Critical national security questions should not be decided unilaterally by unelected tech leaders
Increasingly, they are.
“Key parts of people’s daily lives, and even some essential functions of the state, increasingly exist in the digital world, and the future is being shaped by tech companies and decentralized blockchain projects that are not good at (or interested in) governance. States will fail to halt this trend.” - Prediction from Ian Bremmer and Cliff Kupchan, January 2022
Ian Bremmer has increasingly warned of a “technopolar” world in which Big Tech companies, rather than nations, run the world.
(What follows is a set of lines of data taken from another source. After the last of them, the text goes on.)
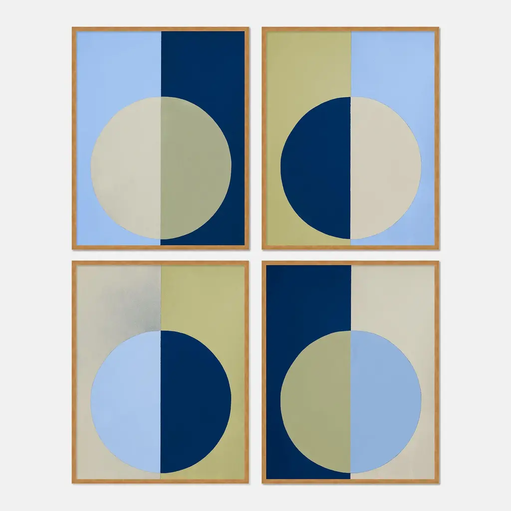 DESCRIPTION: Blue & Olive Forever Set of 4 by Stephanie Henderson in Gold Frame, Large Art Print SPECIFICATIONS: Type: Framed Paper. Individual Frame Size (in): 31.5x40. Orientation: Vertical. Flush/Float/Matted: Flush. Frame Color: Gold. Hanging Hardware: Picture Perfect. 4 pieces are included with this purchase. Overall set dimensions as pictured: 63x80. FRAMING: Each art work arrives framed and ready to hang. We use handmade frames with a plexiglass glazing front, because it offers less glare than standard glass. At this time, we only offer framed prints. ARTIST BIO: Stephanie Lear Henderson is a painter living in Ponte Vedra Beach, Florida. Her work can be found in collections throughout the US and Canada. Working primarily in hard-edge abstraction, she also occasionally paints representational works in oil. A native of Thomasville, Georgia, Stephanie earned a B.A. in English Literature from the University of Virginia and an M.A. in Journalism from the University of Georgia. Stephanie’s work revolves around bold, saturated color and how colors communicate with each other and affect the observer. Her paintings contain forms that are simple, allowing the colors to express themselves without complications. Stephanie’s work reveals focus, precision, and an insatiable appetite for evocative combinations of color. She revels in the challenge of painting perfectly clean lines freehand with a brush. No tape. No masking.Stephanie embraces the belief that color alters mood, outlook, and brings absolute joy to life. Stephanie's artwork has appeared in a multitued of publications including House Beautiful and The CUT.
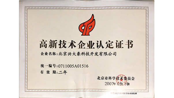 大豪公司被评为“北京市高新技术企业”
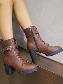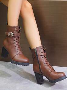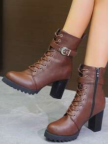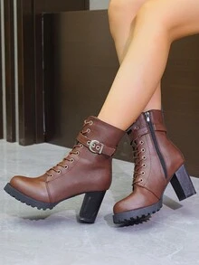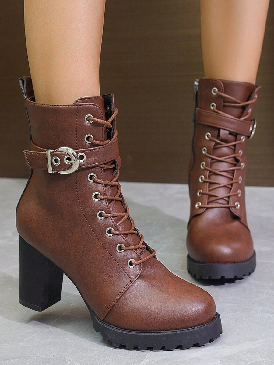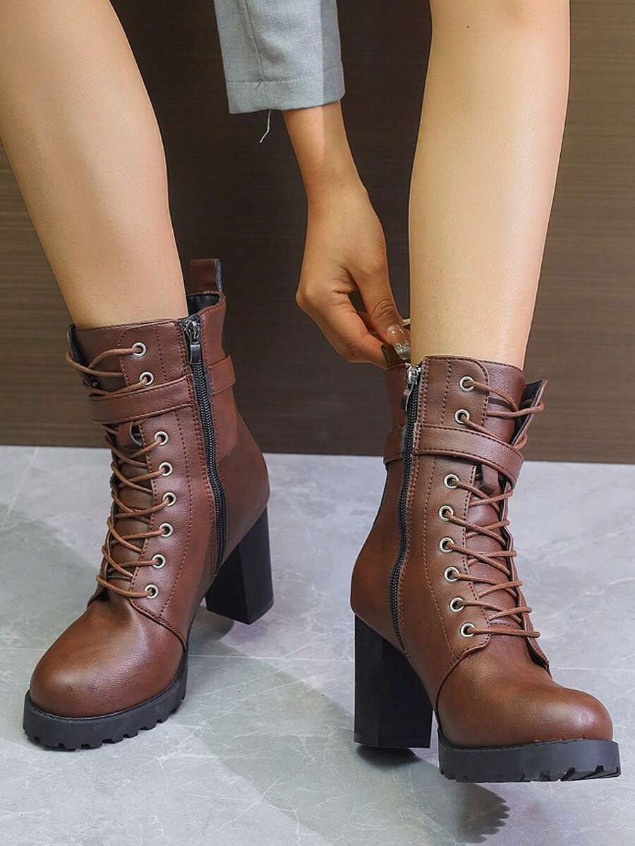 Fairycore Women's Fashionable Chunky High Heel Vintage British Style Motorcyle Ankle Boots
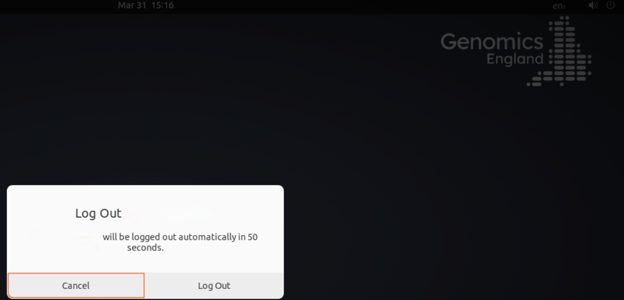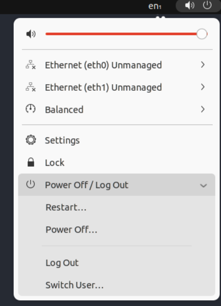 Log out by selecting the power button on the top right hand corner of the task-bar and selecting the "Log Out" option under "Power Off/Log Out".

I submit that we are already part way there. Three recent observations:
Whether or not to open-source increasingly powerful AI is one of the thorniest questions around. There is immense conflict between people who favor it (like Yann LeCun, Chief AI Officer at Meta) and people like Geoffrey Hinton who oppose it. Reasonable people could disagree. Open-source software has been fabulous for the internet, but open-source AI might, for example, be used to design bioweapons. With so much at stake, all of this demands careful public discussion. What we should not have is a couple of tech lords sitting around deciding for us. But that’s exactly what’s happening: Messrs. LeCun and Zuckerberg seem to have talked it out, and decided what’s best (in their not-so-humble opinion) for all of us. (Or at least for them: open-source gives them a niche and helps get them back in the game after being left out for a while.) In a post on X that made my stomach curl, LeCun wrote, “The groundswell of interest for Llama-1 is what convinced the Meta leadership that the benefits of an open release of Llama-2 would overwhelmingly outweigh the risks and transform the AI landscape for the better” [emphasis added]. It shouldn’t be entirely up to them to decide. But at present, it is.
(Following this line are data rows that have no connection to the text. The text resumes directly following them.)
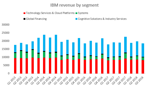 IBM released its earnings report for the third quarter of the fiscal year on 16 October. The company managed to provide minor beat with EPS ratio at $3.42. On the other hand, revenue came in at $18.756 billion against expected $19.085. Looking at particular segments Technology Services and Cloud Platforms, IBM’s biggest business segment, generate 2% smaller revenue on the annual basis. This is a worrying sign but planned acquisition of Red Hat may help this segment get back on the growth track. Other major segment - Cognitive Solutions - also experienced a YoY drop in revenue while Global Business Services and Systems segments managed to increase sales on the annual basis. However, the fourth quarter is usually the most busy one for IBM and this time will be no different due to deals with Economical Insurance, ExxonMobil or Novis.
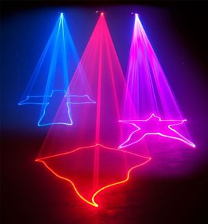 - Уникальный лазер DMX проецирует лазерные паутины красного, синего и маджентового цветов
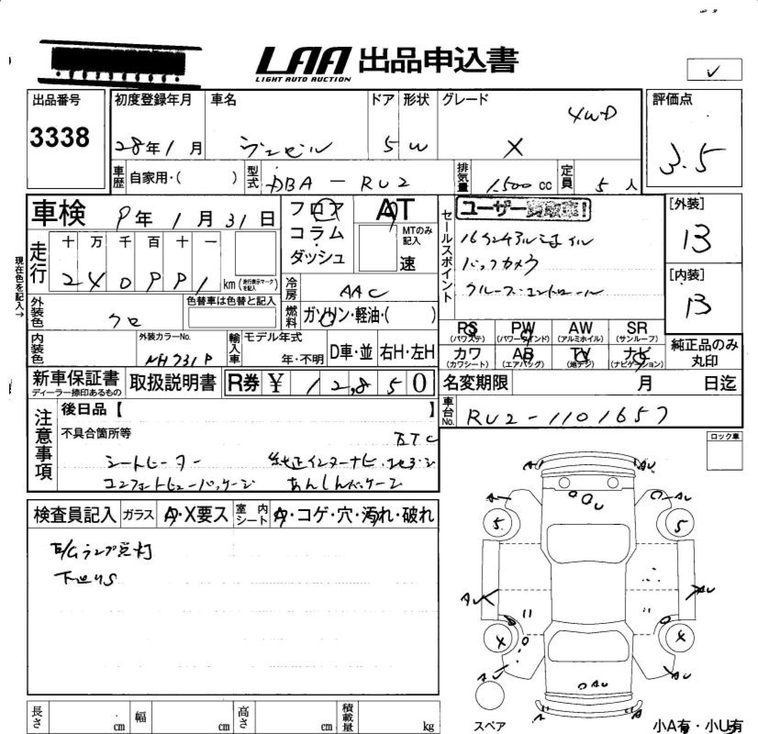 | HYBRID | DAA-RU3 | LEB | FF | 7AT | 1496cc | 132ps(97kW)/6600rpm | AИ-92 | 2 270 000 | |
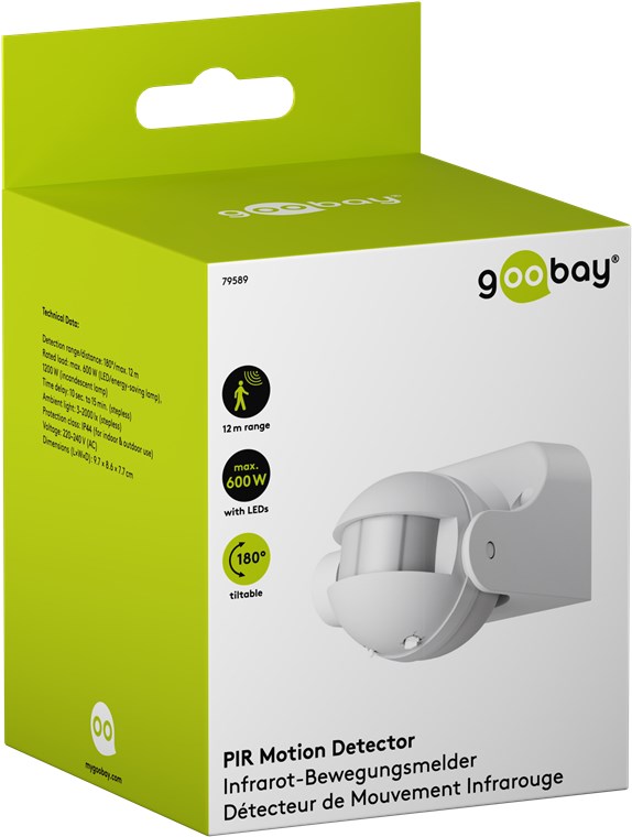 Wiatr i pogoda? Nie ma problemu, czujnik ruchu o stopniu ochrony IP44 idealnie nadaje się do zastosowań zewnętrznych, takich jak ogród, wiata garażowa lub wejścia do domu. Wystarczy podłączyć go do oświetlenia zewnętrznego lub ścieżki, aby uniknąć potknięć o zmierzchu i w ciemności. Czujnik ruchu Goobay – z pewnością dobre samopoczucie.

Another key open issue is how much we should share our technology with other nations, even if it is not open source. Interestingly, right before the OpenAI drama, Sam Altman announced a significant partnership with UAE-based company G42, as reported today in the New York Times. According to the report, that deal is raising eyebrows in Washington, “in classified American intelligence channels, there have been … concerning reports about the company. The CIA and other American spy agencies have issued warnings about G42’s work with large Chinese companies that US officials consider security threats, including Huawei, the telecommunications giant that is under US sanctions. US officials fear G42 could be a conduit by which advanced American technology is siphoned to Chinese companies or the government”. So far, Big Tech rather than the US government is calling the shots.
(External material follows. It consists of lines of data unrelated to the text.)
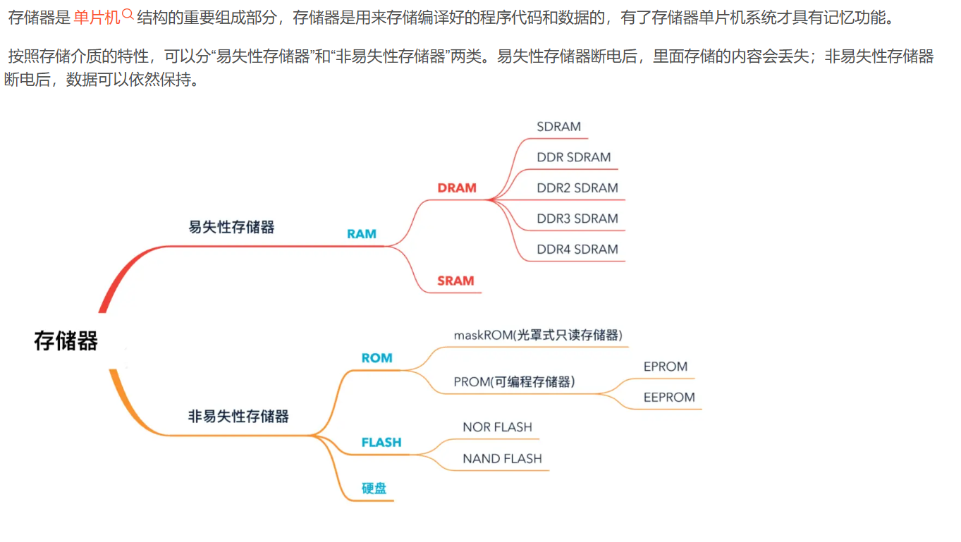 按照存储器在计算机中的用途和分类,嵌入式系统的存储器包括内部存储器和外部存储器。将存储器按照存放信息的易失性,可分为易失性存储设备和非易失性存储设备。
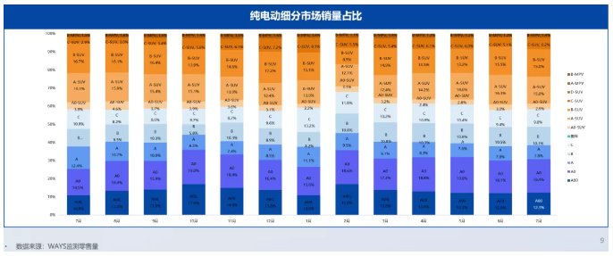 7月,纯电动市场销量TOP 3细分市场分别是:A0级(18.4%)、B-SUV(15.0%)和A-SUV(15.0%)。跟上月相比,因YU7交付增长较快,C-SUV市场份额上升相对明显(+1.1%);A-SUV级市场份额下降相对多(-1.3%)。
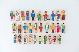 Set of 30 wooden people in a range of ages, ethnic backgrounds and genders.
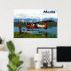 Ein Buschpilot steht in der Nähe seines DHC-2 Biber-Schwimmfliegers de Havilland Canada am Ufer eines Sees im Norden; Berge und Bäume sind in der Ferne. Es erscheint auch das Textlesen "Alaska". Dieses Bild wurde teilweise von einem US Fish and Wildlife Service Foto abgeleitet.
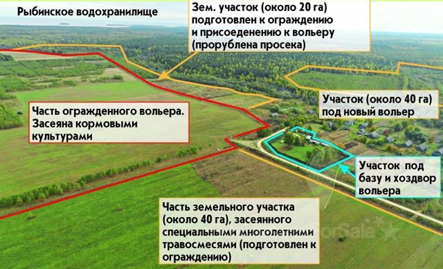 Срочно продается за полцены отличный, полностью обустроенный, действующий вольер-охотничье ранчо на берегу Рыбинского водохранилища (Ярославская область), для охоты (круглый год) и разведения оленей, ланей, кабанов, зайцев на мясо и на племя. Земли с/х назначения, для разведения охотничьих животных), частная собственность, есть возможности для неограниченного расширения вольера. Полная инфраструктура: - длина заборов из сетки 9300 п.м; - более 3000 шт. металлических столбов; - ворот и калиток 27 шт; - прорублено более 4500 п.м. просек; - устроено 5800 п.м. проселочных дорог; - 10 мостов; - 17 вышек; - 5 прудов; - 45 га засеянных многолетними травами кормовых полей; - комплекс биотехнических сооружений; - сельхозтехника и многое другое. Себестоимость вольера, в том числе земельных участков, всех сооружений, построек и других материальных ценностей, расположенных на нем и хоз.дворе, составляет 50 628 000 руб. (Подробная калькуляция стоимости вольера предоставляется по запросу). Сейчас (до 5 июня 2016 года) вольер продается со скидкой 45% - всего за 28 500 000 руб. То есть бери и сразу наслаждайся природой, охотой в любые сроки, развивай бизнес! И главное: 1) Вы экономите 23 млн. руб. 2) два года жизни и кучу нервов; 3) все, включая землю и животных - Ваша собственность! Смотрите подробности на сайте volyer- oleny.ru. Буду рад все подробно рассказать. Звоните не откладывая!
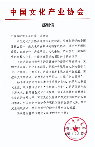 呼市玉泉區(qū)接受中國文化產(chǎn)業(yè)協(xié)會感謝信

Elon Musk’s decisions last year arguably played a critical role in prolonging the Ukraine-Russian war. Although the details are murky, Musk seems to have decided not to permit the Ukrainian government to use Starlink for communications around Crimea, at a moment in which Ukraine could have delivered a huge blow. (Snopes has a good discussion of what exactly transpired.)
All that happened in just the last year or so. And I doubt it is a complete list.
I, for one, did not elect our tech overlords.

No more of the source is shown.